После того случая со стрельбой Паршин и Инара стали проводить время дома, и так хорошо, без романтики-то оно спокойней. Никто их не трогал, с советами не лез. Александр Степанович молчал, мило улыбался. Страшила хмурился, вздыхал, в душе переживал за друга – сам он уже как-то хлебнул из этой чаши, да так, что до сих пор отрыжка. Граевский подходил к вопросу философски – без женской сырости все равно не обойтись, а свой человек в ЧК не помешает.
Единственный, кто относился к Паршину с полнейшим пониманием, был Паныч Чернобур. Он сам переживал амурное приключение, неистовый роман с красоткой Соней, что досталась ему в наследство от почившего в бозе Варенухи. Что поделаешь, была и у полковника маленькая слабость – любил он юных барышень, и отнюдь не отеческой любовью. Впрочем, qui sine peccato est?[4] Зачинатель новой жизни Карл Маркс и тот, говорят, обожал молоденьких девиц, что работали на фабрике его друга Энгельса. И тоже отнюдь не отечески.
II
Лето красное еще только наступило, а Владимиру Ильичу Ленину уже пришлось изрядно попотеть. Во-первых, донимала фракционность во ВЦИКе, все эти многопартийные игры в гнилую демократию. Ведь, кажется, все, кадетов запретили, Учредительное собрание разогнали, анархистов разгромили, нет, эсеры и меньшевики гнут свое, выступают против продразверстки, Брестского мира и правомочности смертной казни. Слюнтяи, предатели, оппортунисты! Во-вторых, действует на нервы этот чертов Деникин, энергично двигающийся по направлению к Екатеринодару и наголову разбивший и главкома Калнина, и командарма Сорокина.
Архивозмутительно! Кадры решают все, кадры, а тут набрали остолопов, пораженцев, старорежимную сволочь![1] Никакой революционной сознательности. Необходимо действовать с величайшей быстротой, решительностью и образцовой беспощадностью, шире практиковать расстрелы. Всех сомнительных запереть в концлагерь! И в-третьих, дамокловым мечом висит вопрос о будущем Романовых, который необходимо решить немедленно, не допуская миндальничанья и идиотской волокиты. Архиважно сжечь мосты, отрезать Россию от пути назад, в мерзкое монархическое болото.

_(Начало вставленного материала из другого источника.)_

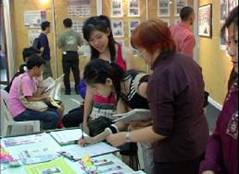 Le premier jour, l'exposition d'art s’est bien passée. Après avoir appris la vérité au sujet du Falun Gong, beaucoup de gens signaient la pétition pour soutenir les pratiquants dans leur opposition à la persécution. En voyant la beauté de la cultivation de Falun Dafa, certains ont immédiatement demandé où sont les sites de pratique et où ils pourraient apprendre les exercices.
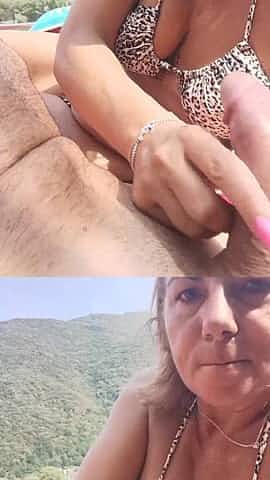 On the boat with my cousin I give him a tugjob and this guy cums on my face

Медлить вождь революции не стал. Посовещался с Троцким и Свердловым, поставил на вид Дзержинскому, всыпал по первое число Вацетису. Перечитал настольную книгу – монографию Густава Лебона «Психология толпы», еще раз прошелся карандашом по излюбленным местам. Работа закипела, без слюнтяйства, с революционным задором.
В июне удалось протащить постановление об исключении из состава ВЦИКа эсеров и меньшевиков. Лиха беда начало! У руля государства остались только две партии – большевики и левые эсеры, однако настоящие марксисты не склонны к компромиссам и привыкли брать власть в собственные руки. На открывшемся четвертого июля Пятом съезде Советов Владимир Ильич так и сказал:
– Левые социал-революционеры партия предательская и окончательно погибшая. Они шли в комнату, а попали в другую. Скатертью дорожка. Это не ссора, это окончательный разрыв.
В общем, лакеи, прислужники буржуазии, политические проститутки.
Железный Феликс тоже не сидел без дела. Шестого июля сотрудниками ВЧК Блюмкиным и Андреевым был убит германский посол Мирбах. Чтобы встретиться с ним, они предъявили мандат за подписью Дзержинского с печатью ВЧК, хранившейся у заместителя Феликса Эдмундовича левого эсера Александровича. Когда началась паника, убийцы скрылись, зачем-то оставив на видном месте все документы. К слову сказать, Блюмкин и Андреев были тоже левыми эсерами.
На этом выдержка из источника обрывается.